Thelma Brenes Muñoz ha escrito una carta conmovedora a su padre, Carlos Brenes, desaparecido hace más de cuatro meses en medio de la represión política en Nicaragua. En la misiva, publicada por Confidencial, expresa su angustia por su destino desconocido y las duras condiciones que enfrentan los prisioneros políticos. Compara la situación actual con la de 2018, describiéndola como peor y más cruel.
Thelma Brenes Muñoz, en una carta publicada originalmente en español por Confidencial y traducida al inglés por Havana Times, dirige sus palabras a su padre Carlos Brenes, de 70 años, quien dejó de responder mensajes el 14 de agosto. "Desde el 14 de agosto, la palabra incertidumbre ha cobrado un significado completamente nuevo para mí: vivo en ella todos los días, todas las horas", escribe Thelma, recordando cómo sus mensajes quedaron en 'visto' sin respuesta.

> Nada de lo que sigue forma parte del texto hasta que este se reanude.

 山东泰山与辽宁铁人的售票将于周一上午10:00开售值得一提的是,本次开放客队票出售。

Carlos Brenes vivía tranquilamente en su finca en Masaya, cumpliendo con las reglas impuestas: reportándose a la policía cada cuatro días y enviando fotos por WhatsApp. Su desaparición, junto con la de su pareja Salvadora, apareció en noticias y redes sociales. Según informes de derechos humanos de diciembre, hay 62 personas desaparecidas forzosamente; Carlos es el número 9 y Salvadora el 35 en la lista.

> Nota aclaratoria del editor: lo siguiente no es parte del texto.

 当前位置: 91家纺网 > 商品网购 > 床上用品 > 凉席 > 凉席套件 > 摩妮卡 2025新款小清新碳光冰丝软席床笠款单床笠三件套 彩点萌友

Thelma expresa preocupación por la salud de su padre, quien padece diabetes, dolores de espalda, hormigueo en las piernas y presión arterial alta. Se pregunta si recibe sus medicamentos adecuadamente. Menciona las muertes en prisión de Mauricio Alonso y Carlos Cárdenas a finales de agosto, cuyos familiares recibieron ataúdes sellados y tuvieron que enterrarlos bajo escolta policial.

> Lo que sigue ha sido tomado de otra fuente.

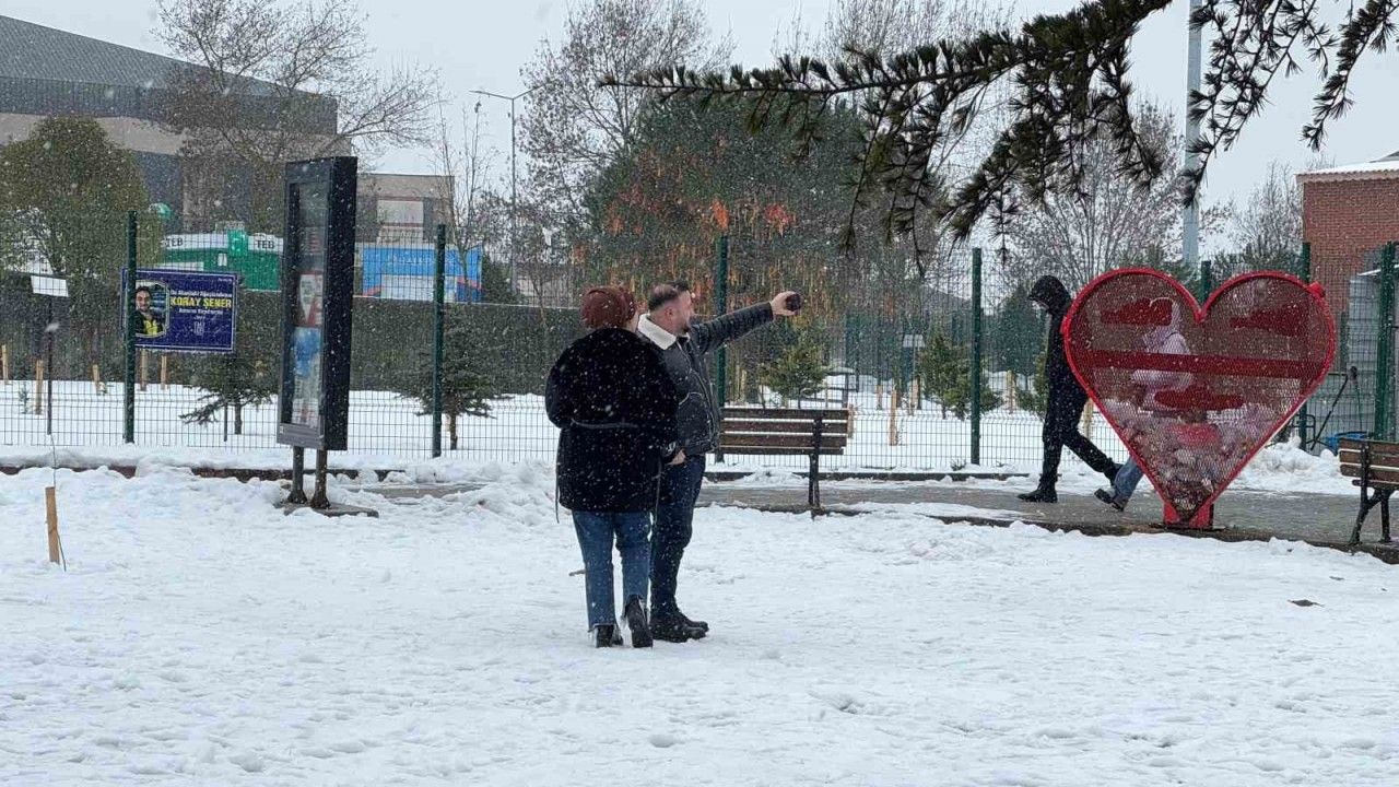 Meteoroloji Genel Müdürlüğünün uyarılarının ardından hava sıcaklığının 1 dereceye kadar düşmesiyle birlikte kentte kar yağışı kendini gösterdi. Sabah saatlerinden itibaren yer yer yoğun şekilde devam eden kar yağışı, evlerin çatılarını beyaza bürüdü. Vatandaşlar ise karlı havada fotoğraf çekmeyi ihmal etmedi.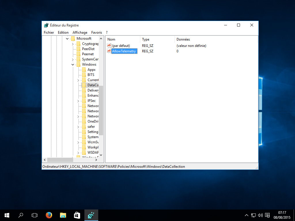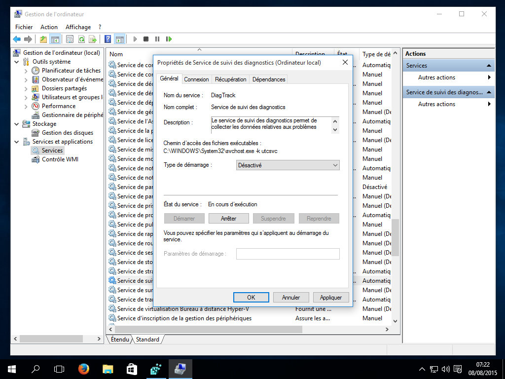 Premièrement, il faut se rendre dans le registre système (exécuter → regedit) et se rendre à l'emplacement "HKEY_LOCAL_MACHINE\SOFTWARE\Policies\Microsoft\Windows\DataCollection". Ici il faudra créer une valeur DWORD que vous nommerez AllowTelemetry et passerez à 0 (zéro). Une première bonne chose de faite, maintenant il faut désactiver ce petit monde au niveau des services. Ouvrez le gestionnaire de services (exécuter → services.msc) et désactivez "Service de suivi des diagnostics" (la collecte de données) et "dmwappushsvc" (le keylogger). Un petit redémarrage de la machine et vous voilà libéré de ces deux fonctionnalités de Windows 10.

En conversaciones con otros familiares, coinciden en que esta vez es peor que en 2018: no se confirma dónde están los prisioneros, no hay visitas, paquetes ni medicamentos. "Todos queremos es encontrar una forma de decirles que no están solos y que no los hemos abandonado", afirma. Thelma rechaza posibles acusaciones fabricadas como terrorista o traidor, destacando la integridad de su padre. A sus 70 años, Carlos enfrenta nuevamente una situación injusta, y su hija promete continuar la búsqueda hasta saber de él.